Dat blijkt uit een Kamerbrief waarin minster Yeşilgöz van Justitie en Veiligheid de Tweede Kamer informeert over de resultaten van een zogenoemde reseller-actie van de politie. Die deelde eind 2022 een lijst met 38 namen van malafide partijen en riep internet- en hosting-aanbieders op de dienstverlening aan deze klanten direct te staken. Het doel is om netwerken te schonen van criminele organisaties die Nederlandse servers en netwerken misbruiken voor malafide zaken.
Opvallend: geen van de aangeschreven internet- en hostingbedrijven deelt hoeveel malafide resellers er in hun klantenbestand zaten. ‘Het betreft bedrijfsgevoelige informatie die zij niet specifiek wensen te delen’, schrijft de minister.

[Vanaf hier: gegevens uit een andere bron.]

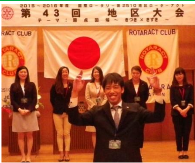
みんなで空も飛べるはずを合唱♪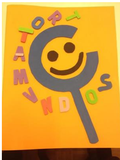
Figura 2. Ejemplo de Libro viajero "Trotamundos de chico de 1º ESO.

El libro viajero "Trotamundos" que se observa en la Figura 2 tiene la característica añadida de que se adapta a la etapa educativa de los alumnos enfermos.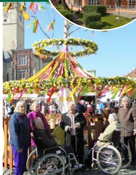
Naše výprava na velikonočním trhu ochutnala tradiční dobrotu a prohlédla si nově zrekonstruovaný Orloj

Velikonoce jsme završili klasickou velikonoční nadílkou.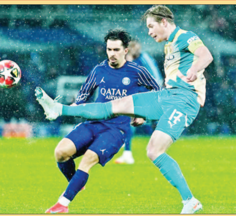
पेरिस में यूईएफए चैम्पियंस लीग फुटबॉल में पेरिस सेंट जर्मेन और मैनचेस्टर सिटी के खिलाड़ी खेलते हुए।

Wel heeft ze van brancheorganisatie Dutch Cloud Community gehoord dat ‘enkele’ hostingproviders actie hebben ondernomen naar aanleiding van de brief en namenlijst. Ook zijn er gesprekken tussen de politie en de Dutch Cloud Community over mogelijkheden om signalen van malafide wederverkopers ‘structureler’ met hostingproviders te delen.
Aanpak
In 2021 waarschuwde de politie ook al voor bulletproof-hosters van Russische komaf die via de Nederlandse digitale infrastructuur 'zaken doen'. Op verzoek van de internetsector kwam de politie in 2022 met een lijst met namen van malifide resellers.
In de brief van de minister staan vooral ‘oplossingsrichtingen’ die verkend worden. Het gaat bijvoorbeeld om het delen van informatie over criminele handelingen tussen het ministerie en de hostingsector. Dat gebeurt binnen het project Cleannetworks. Daarin delen de Stichting Nationale Beheersorganisatie Internet Providers en het ministerie informatie waardoor internet- en hostingproviders zich beter kunnen beveiligen tegen dreigingen. Het project krijgt geld van het ministerie en een securityfonds van de EU.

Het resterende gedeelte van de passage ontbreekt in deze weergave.